DATA EXCERPT:

*** Block opens ***

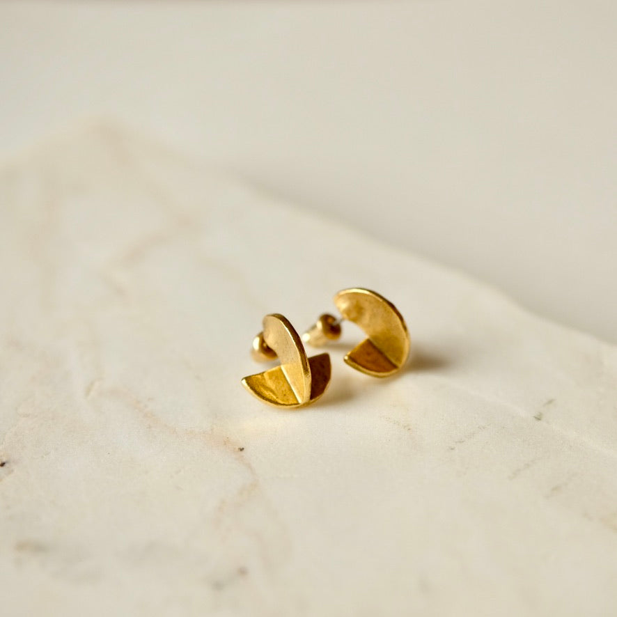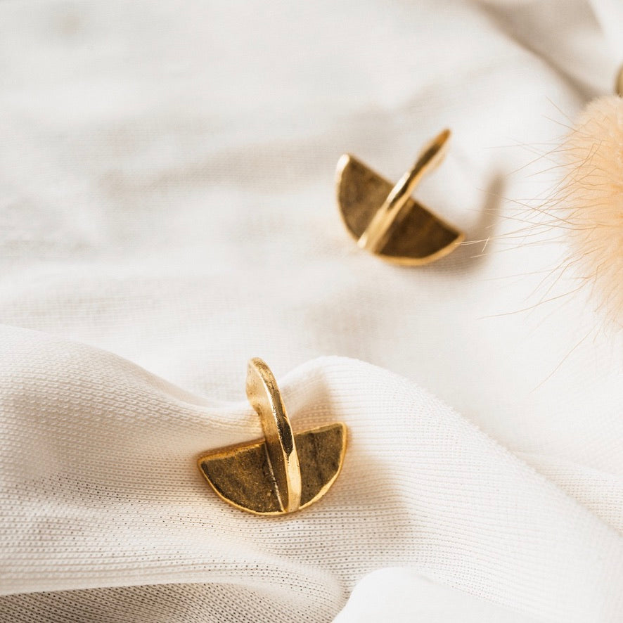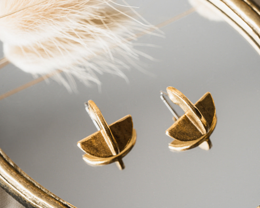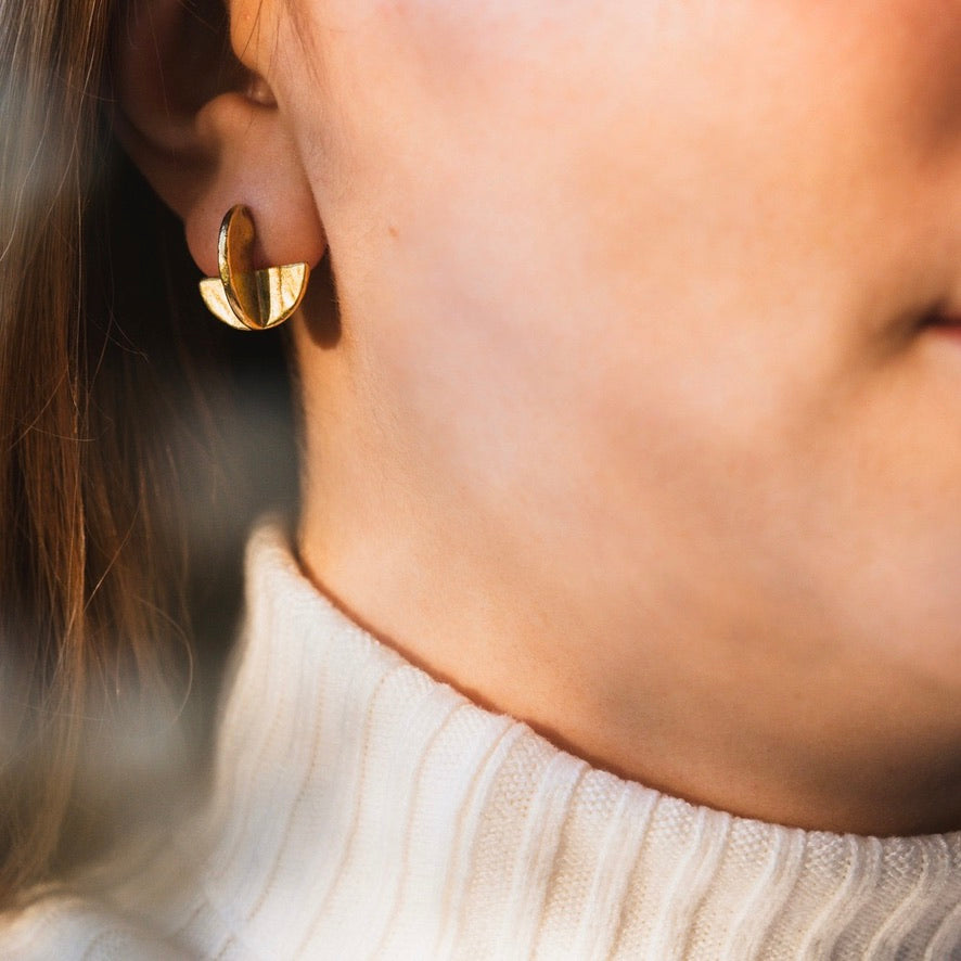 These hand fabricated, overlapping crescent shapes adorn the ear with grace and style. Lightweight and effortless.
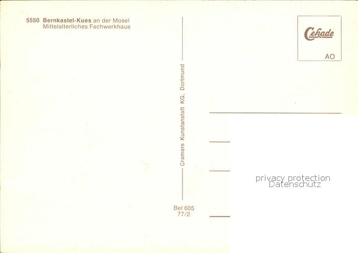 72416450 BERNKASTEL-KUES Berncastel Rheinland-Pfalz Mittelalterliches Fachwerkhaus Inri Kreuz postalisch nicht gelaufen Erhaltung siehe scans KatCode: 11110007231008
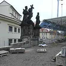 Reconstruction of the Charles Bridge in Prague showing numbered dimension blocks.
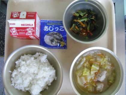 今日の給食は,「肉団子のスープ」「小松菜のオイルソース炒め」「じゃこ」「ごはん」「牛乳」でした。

*** Block closes ***

WHAT YOU WILL DO:
When you reach the line that contains "Reconstruction of the", start copying the listing word for word and stop only after its last line, without any pictures.

RESULT FOR THIS EXERCISE:
 Reconstruction of the Charles Bridge in Prague showing numbered dimension blocks.
 今日の給食は,「肉団子のスープ」「小松菜のオイルソース炒め」「じゃこ」「ごはん」「牛乳」でした。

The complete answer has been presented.